<<<<
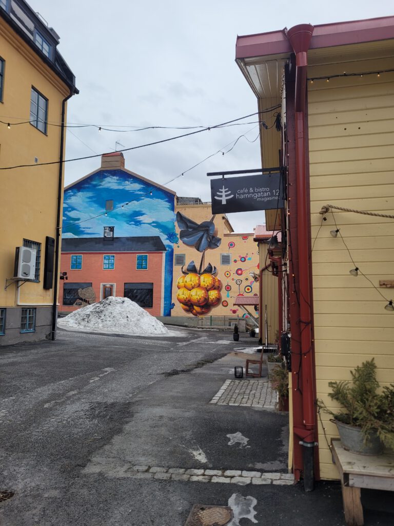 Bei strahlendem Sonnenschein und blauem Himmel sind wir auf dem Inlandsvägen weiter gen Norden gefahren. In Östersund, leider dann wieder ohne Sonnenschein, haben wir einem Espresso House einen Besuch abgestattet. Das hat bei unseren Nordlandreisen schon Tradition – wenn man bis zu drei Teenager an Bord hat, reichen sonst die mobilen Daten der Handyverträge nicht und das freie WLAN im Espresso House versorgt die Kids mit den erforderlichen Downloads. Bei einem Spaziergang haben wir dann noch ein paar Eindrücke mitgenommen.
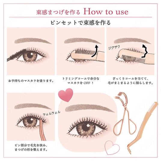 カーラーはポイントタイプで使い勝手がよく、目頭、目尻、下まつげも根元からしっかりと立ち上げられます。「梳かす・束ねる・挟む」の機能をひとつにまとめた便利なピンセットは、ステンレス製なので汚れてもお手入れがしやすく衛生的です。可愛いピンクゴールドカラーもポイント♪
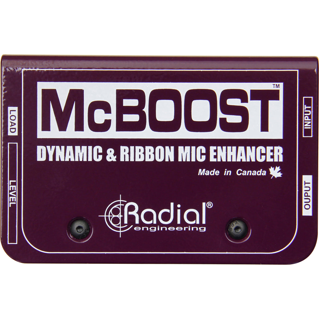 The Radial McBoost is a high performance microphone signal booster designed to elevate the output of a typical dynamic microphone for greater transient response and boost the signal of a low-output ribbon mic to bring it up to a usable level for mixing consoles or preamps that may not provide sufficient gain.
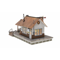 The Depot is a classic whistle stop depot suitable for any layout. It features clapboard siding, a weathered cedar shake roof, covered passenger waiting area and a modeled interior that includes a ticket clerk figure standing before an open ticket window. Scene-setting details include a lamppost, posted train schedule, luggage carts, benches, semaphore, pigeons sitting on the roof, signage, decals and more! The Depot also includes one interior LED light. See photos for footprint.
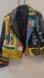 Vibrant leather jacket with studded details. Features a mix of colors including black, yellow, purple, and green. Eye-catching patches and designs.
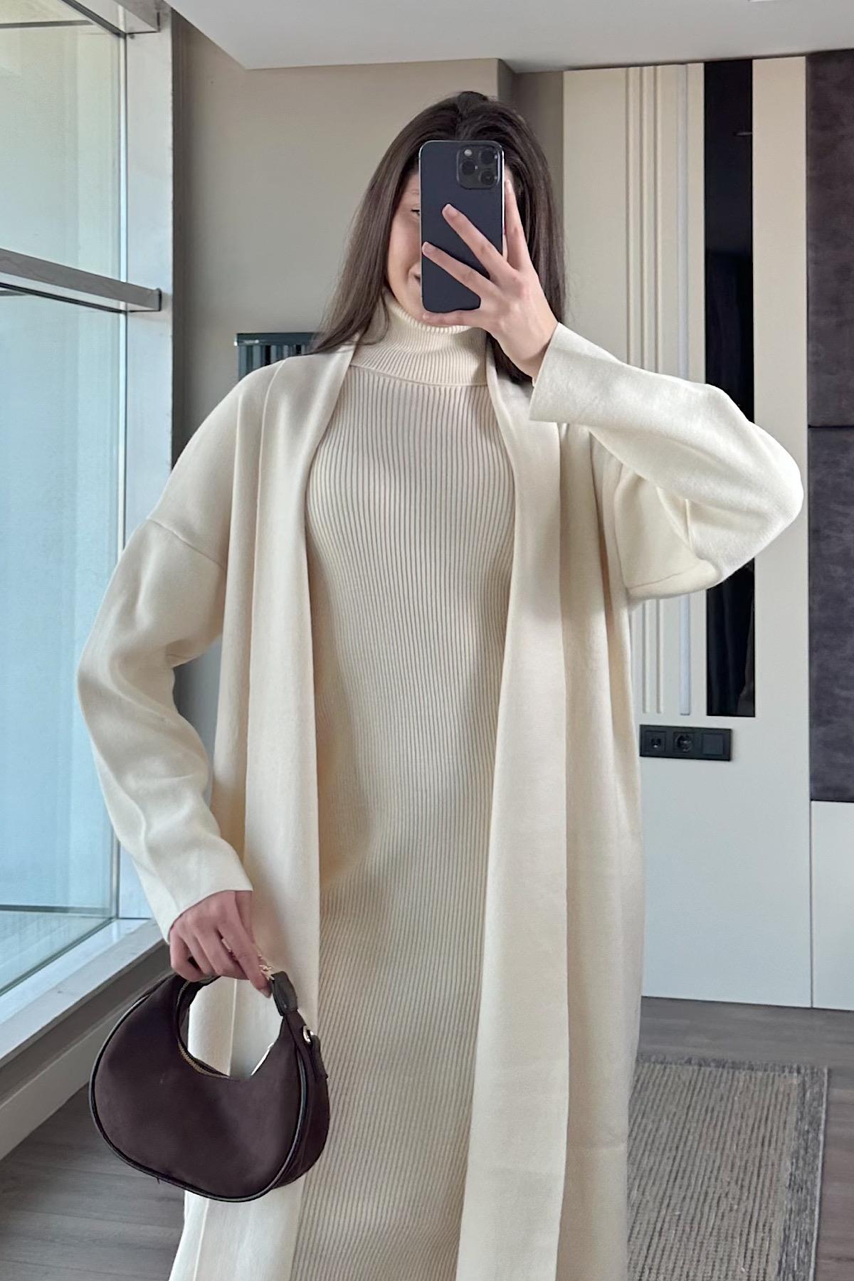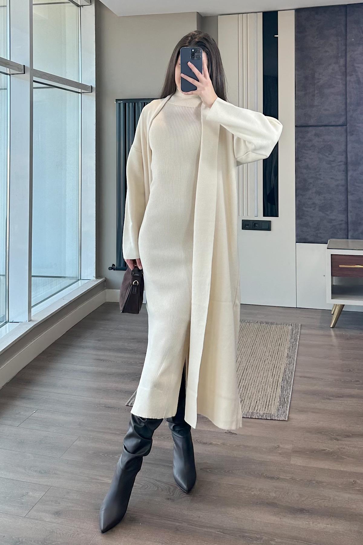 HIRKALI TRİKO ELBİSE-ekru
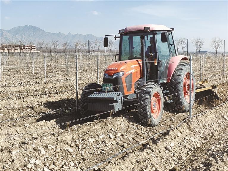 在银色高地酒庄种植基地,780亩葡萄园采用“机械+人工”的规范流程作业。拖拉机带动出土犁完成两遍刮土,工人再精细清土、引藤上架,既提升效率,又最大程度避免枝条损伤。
>>>>
WHAT YOU HAVE TO DO:
Nothing is needed beyond an exact transcription of the lines from the one containing "HIRKALI TRİKO ELBİSE-ekru" to the end of the entries above, with the pictures omitted.

RESULT OF THIS TASK:
 HIRKALI TRİKO ELBİSE-ekru
 在银色高地酒庄种植基地,780亩葡萄园采用“机械+人工”的规范流程作业。拖拉机带动出土犁完成两遍刮土,工人再精细清土、引藤上架,既提升效率,又最大程度避免枝条损伤。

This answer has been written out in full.